Olivier Père

Les Misérables de Raymond Bernard

 

« … Tant qu’il y aura sur la terre ignorance et misère, des œuvres de la nature de celle-ci pourront ne pas être inutiles… »

Victor Hugo, cité en exergue des Misérables de Raymond Bernard

 

A la Filmothèque du Quartier Latin on peut voir depuis la semaine dernière Les Misérables (1933) de Raymond Bernard pour la première fois en version numérique restaurée.
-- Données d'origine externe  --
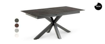 The rectangular Heaven extendable dining table with a ceramic surface with a rough texture and a black steel cross base,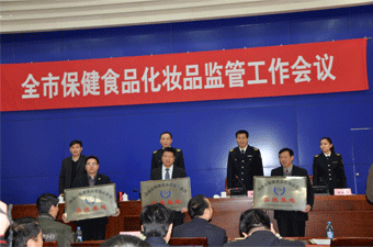 2013年3月13日,由濟(jì)南市食品藥品監(jiān)督管理局主辦的“濟(jì)南市保健食品化妝品監(jiān)管工作會(huì)議”在龍奧大廈隆重召開,來(lái)自濟(jì)南市及各縣(市)區(qū)監(jiān)管系統(tǒng)一線的執(zhí)法工作人員參加了此次會(huì)議。會(huì)議由濟(jì)南市食品藥品監(jiān)督管理局?;庩悘V銀處長(zhǎng)主持,濟(jì)南市食品藥品監(jiān)督管理局衣光軍副局長(zhǎng)、保化處杜曉偉科長(zhǎng)、?;幹煦y和科長(zhǎng)出席會(huì)議,我公司和山東天地健生物工程有限公司、山東福瑞達(dá)生物工程有限公司參加了此次會(huì)議,并上臺(tái)領(lǐng)取了“濟(jì)南市保健食品化妝品監(jiān)管實(shí)踐基地”的標(biāo)牌。
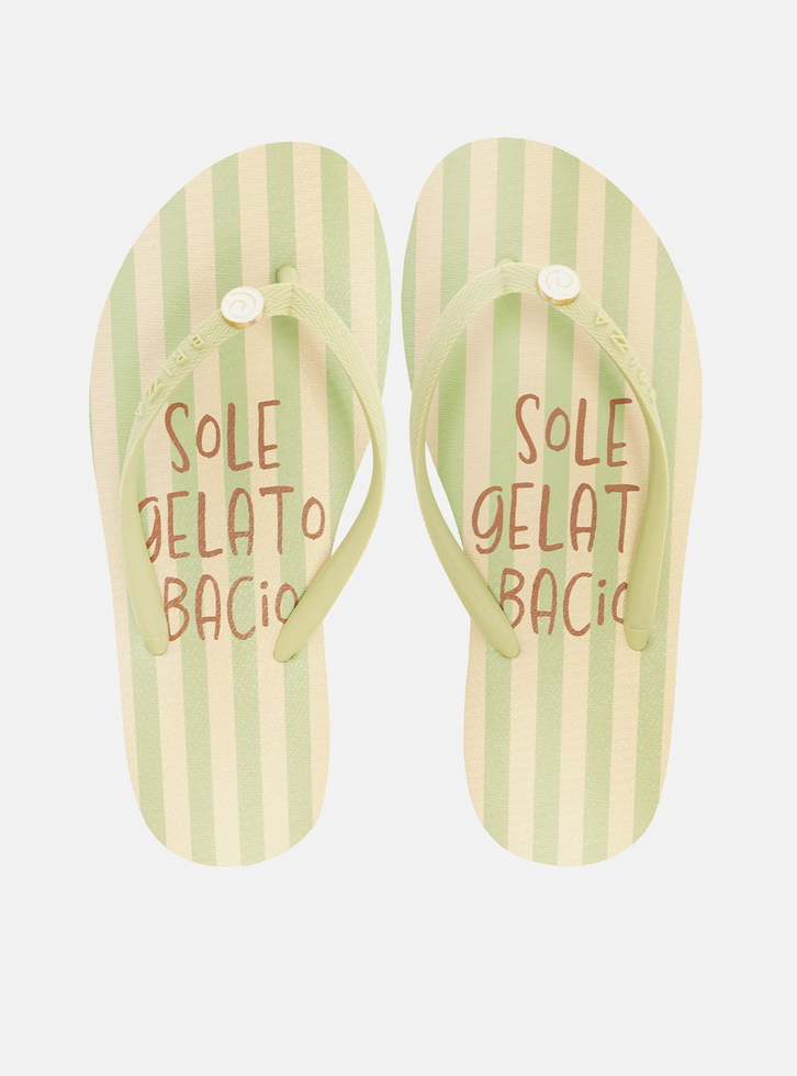 Chinelo de dedo verde. O sapato tem sola rasteira flat emborrachada e palmilha texturizada com estampa listrada e inscrição “Sole, Gelato, Bacio”. Com formato arredondado na ponta, traz tiras que dividem os dedos e charm metálico aplicado com o logo da Bacio Di Latte. Aberto, o chinelo de dedo exibe todo o pé.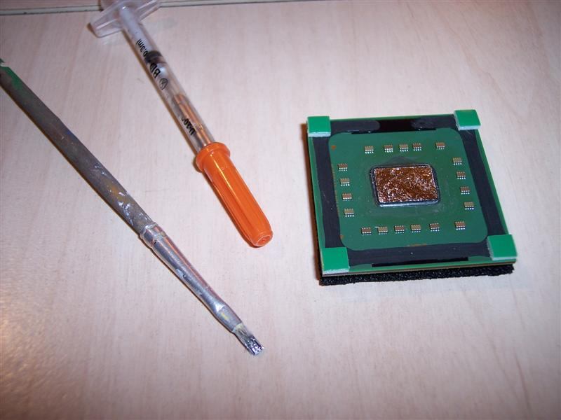 Ich hab das hier mal Interessiert durchgelesen, da ich auch mit dm Gedanke spiele meinen 170er zu Köpfen. Meine alten SC opterons habe ich alle geköpft und nie Probleme gehabt (siehe Bild). Allerdings ist mir bei einem Dual Core nicht ganz wohl (kostet ne ganze Ecke mehr und ist schwieriger :( ) . Auch bin ich mir nicht ganz sicher ob das bei mir überhaupt was bringt, da ich auh mit IHS bei 2800MHz und 1,52V nur 38° habe unter Vollast!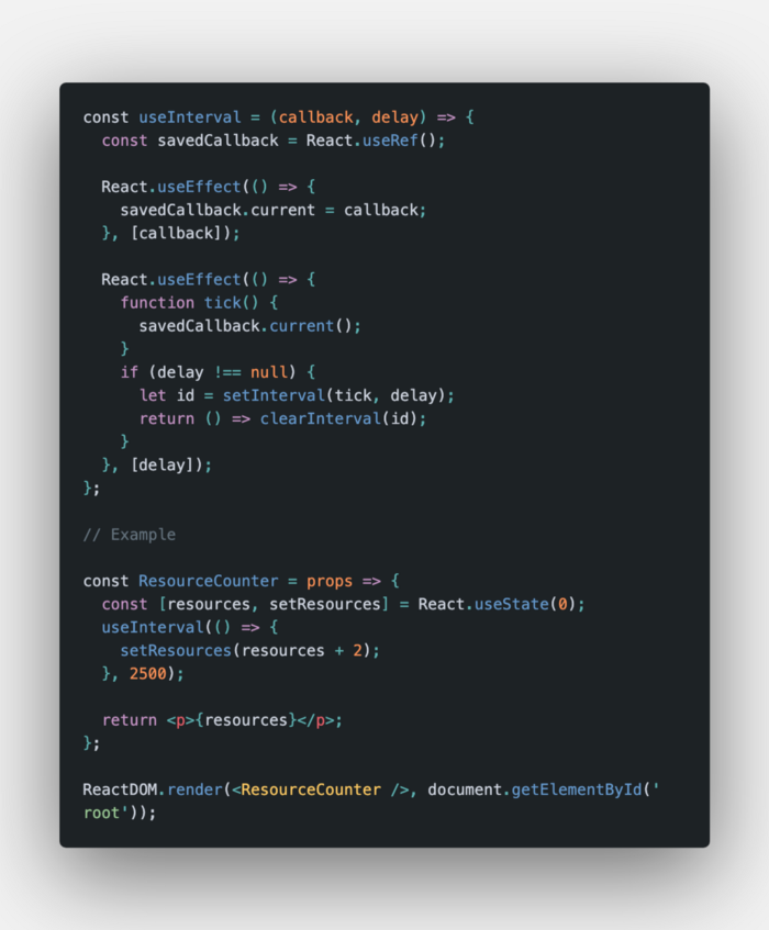 Nếu bạn muốn triển khai setInterval theo cách khai báo, bạn có thể sử dụng hook được gọi là useInterval.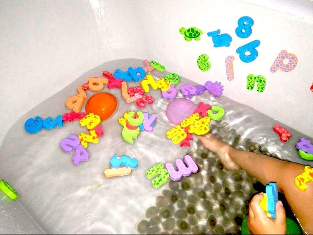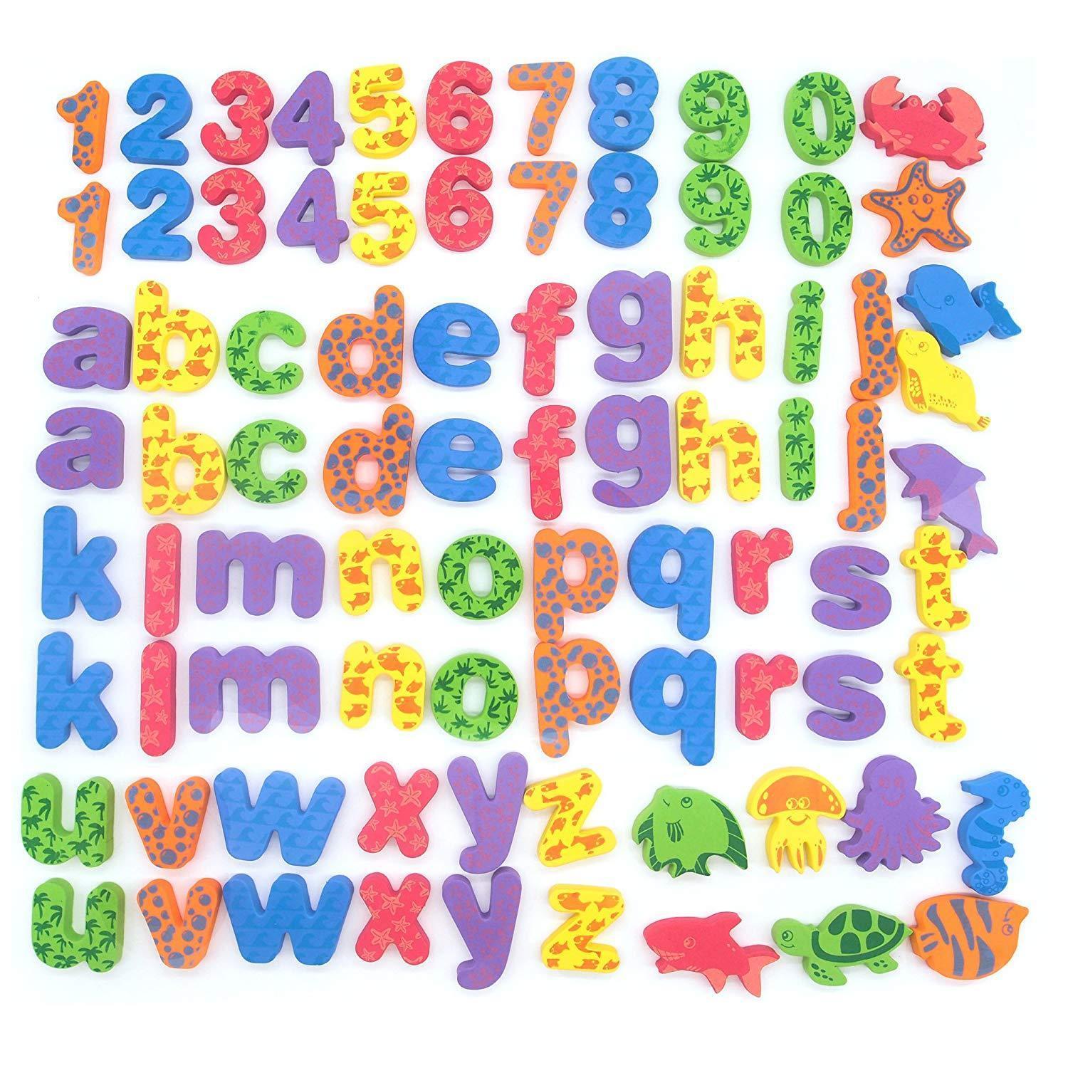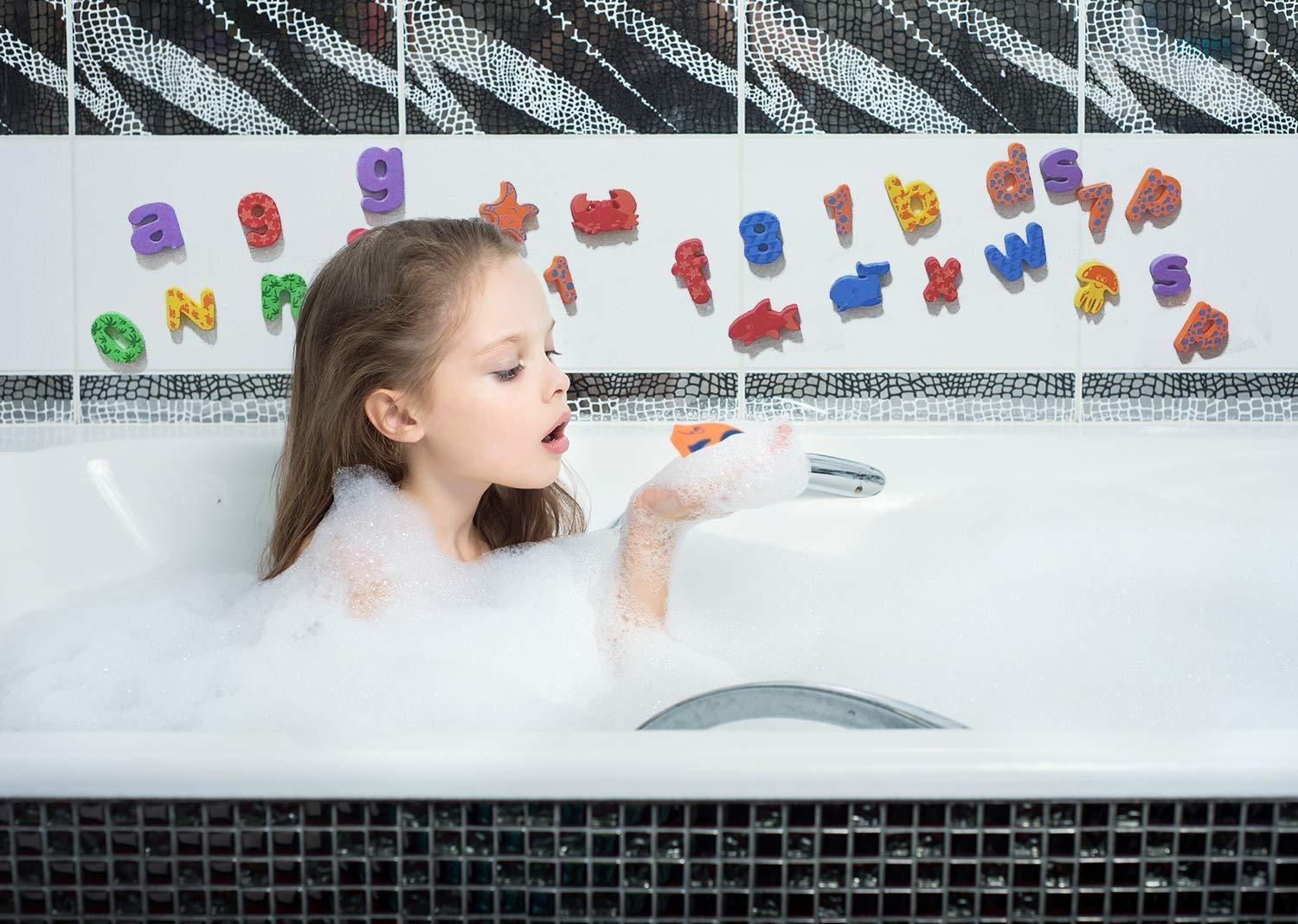 • UNBEATABLE VALUE BUNDLE - Not only do you possibly get the best quality mesh organizer, we also include fun & educational Alphabet bath toys. These baby bath bundle include 26pcs x 2 floating letters (A-Z) and 10pcs x 2 floating numbers (0-9), 12 pcs sea animals pattern, 84 pcs foam toys in total. The educational letters and numbers can stick to tub walls when wet. A wonderful baby shower gift for your loving ones.
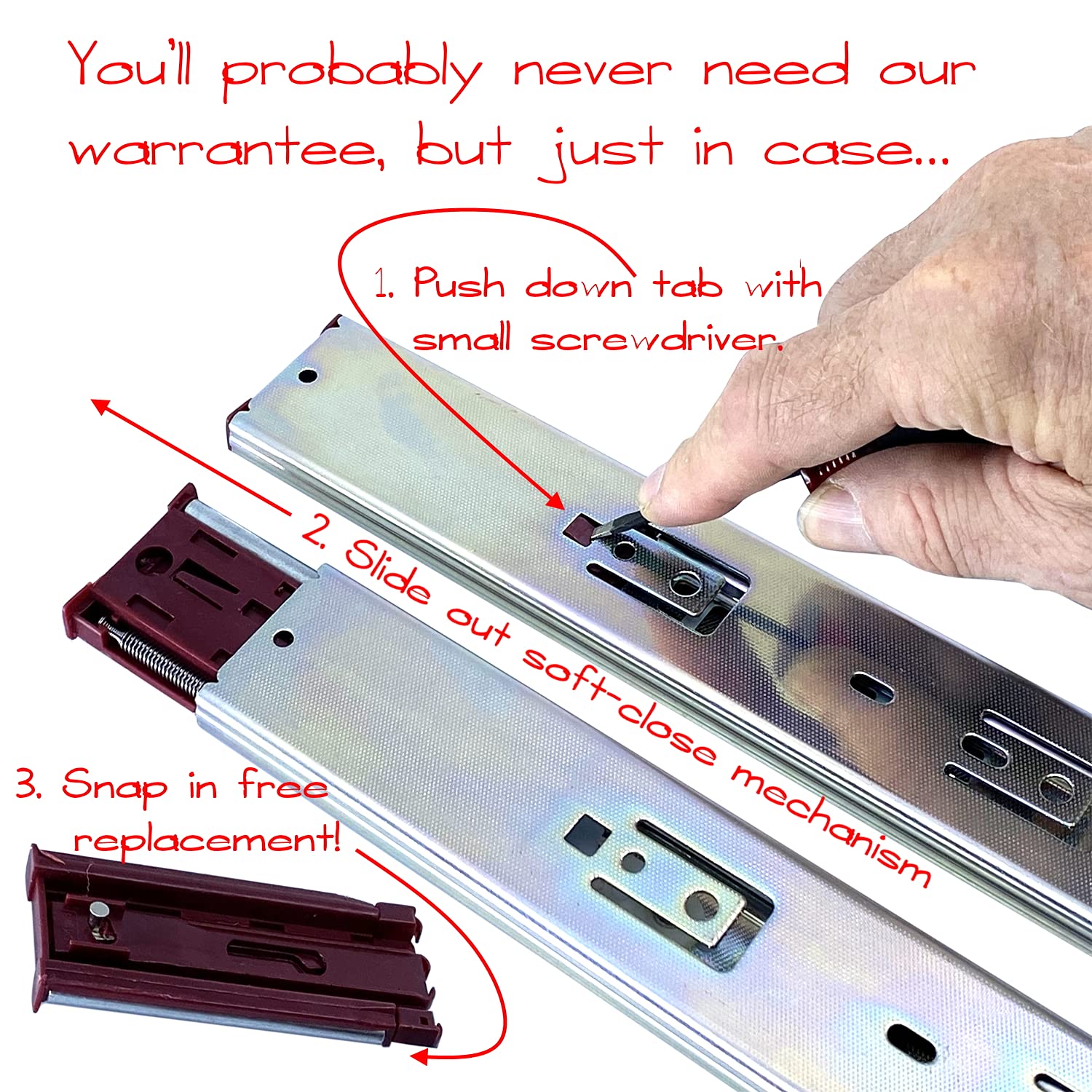 16 Heavy Duty Soft Closing Ball Bearing Drawer Slides 100 Lb Capacity Side Mount Glides W Screws Amazon Com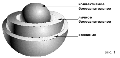 Базовый курс аналитической психологии, или Юнгианский бревиарий (Зеленский Валерий Всеволодович) >Юнг предлагает представить психику человека в виде земного шара, выделяя при этом три слоя (рис. 1). На поверхности этого шара, подобно земной коре, располагается сознание человека. Под структурой сознания находится гораздо более обширный пласт забытых или подавленных личных воспоминаний, чувств, поведенческих моделей, который Юнг назвал личным бессознательным. Под ним заключено ядро психики - коллективное бессознательное, заполненное древними образами и поведенческими реакциями, которые многократно повторялись в истории человечества. >Сознание. По Юнгу, человеческая психика носит целостный характер и представляет собой единство взаимодополняющих сознательных и бессознательных процессов. В соответствии с этим в психическом выделяются сознательный и бессознательный аспекты. Эти аспекты, или составляющие психики, не только дополняют друг друга, но и находятся друг с другом в компенсаторных отношениях.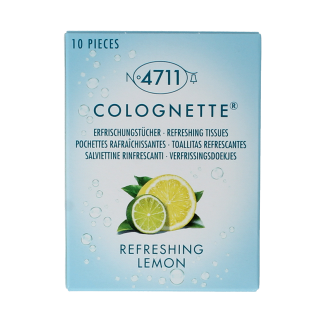 Do you desire instant freshness, wherever you are? No more discomfort after sport, eating, or while on the go. 4711 Lemon Colognettes tissues provide immediate vitality and a clean feeling.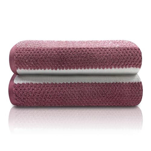 GC GAVENO CAVAILIA Bath Towel Set (70x120 cm) - 100% Ring Spun Cotton Striped Bath Towels 2 Pack - Water Absorbent & Quick Dry Bathroom Towels - Soft Hotel Quality Large Towel -Dark Pink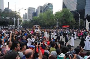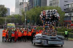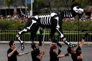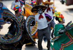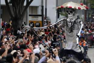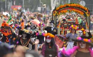 Migliaia di persone travestite da scheletri hanno sfilato per Città del Messico per il “Giorno dei Morti”. La parata quest’anno è stata dedicata alle 228 vittime del terremoto: tutti hanno camminato dietro un enorme pugno chiuso fatto di caschi e picconi. Il pugno era stato il segnale dei soccorsi per chiedere silenzio e per sentire se qualcuno era ancora vivo sotto le macerie. Trecentomila i partecipanti, 700 i performer, che hanno danzato e cantato canzoni messicane. Il colorato festival ogni anno celebra i cari che sono deceduti: in genere è un momento che si vive in famiglia, raccolti attorno alle tombe, ma per il secondo anno il festival si fa anche in grande, a Città del Messico, per attrarre più turisti.

Programmation futée et opportuniste qui permet de découvrir un chef-d’œuvre du cinéma français en antidote à la récente version américaine et chantée (qu’on a pas vu, mais dont la bande-annonce seule fait saigner des yeux et des oreilles) et aussi des autres adaptations cinématographiques du roman de Victor Hugo, toutes médiocres (à l’exception de celle de Riccardo Freda, en 1947.)

Cette restauration du négatif nitrate en 4K a été effectuée par la Cinémathèque de Bologne et Pathé. Il s’agit de la version la plus complète du film qui a déjà été montré aux Etats-Unis l’année dernière mais que l’on peut désormais découvrir à Paris. Peu avant sa mort en 1977 Raymond Bernard avait tenté de remonter le film dans sa version intégrale mais sans parvenir à retrouver la scène dite « du voleur », du premier film. Criterion distribue le film en DVD dans une version de 279 minutes alors que la version restaurée, qui réintègre la scène du voleur, est annoncée à 290 minutes. C’est dans la version Criterion que nous avons vu Les Misérables.

Le film de Raymond Bernard est magnifique car il échappe à la grandiloquence par un mélange de sobriété et de lyrisme qui convient parfaitement à la puissance humaniste et mélodramatique de l’histoire imaginée par Victor Hugo. Le film impressionne aussi par son ambition et ses proportions, inhabituelles dans le cinéma français : pas moins de trois longs métrages, exploités séparément mais simultanément, forment l’ensemble des Misérables : Une tempête sous un crâne, Les Thénardier et Liberté, liberté chérie. Ce qui en fait la plus longues des adaptations hugoliennes mais aussi la plus fidèle. C’est le chef-d’œuvre de Raymond Bernard (fils du dramaturge Tristan Bernard, qui signa ses meilleurs films dans les années 30) avec une autre adaptation littéraire puissante et inspirée, Les Croix de bois (1931), l’un des meilleurs films jamais réalisés sur la Première Guerre mondiale, d’après Dorgelès.

Si le film est si réussi, c’est aussi et surtout grâce à son interprétation, excellente dans sa globalité et parfois admirable. Tout le monde est d’accord pour considérer Harry Baur et Charles Vanel indépassables dans les rôles respectifs de Jean Valjean et Javert. Une nouvelle occasion de saluer le génie dramatique d’Harry Baur, acteur à l’imposante stature qui domina le cinéma français des années 30 et qui semblait être né pour incarner l’ancien galérien. Harry Baur poursuivit sa carrière pendant l’Occupation et fut arrêté par la Gestapo qui le soupçonnait d’être Juif. Emprisonné pendant quatre mois, il ne se remit jamais des tortures subies et décéda le 8 avril 1943, six mois après sa libération. Malgré sa célébrité il sombra dans l’oubli, un oubli bien commode qui permit d’occulter longtemps la honte et le scandale de son assassinat.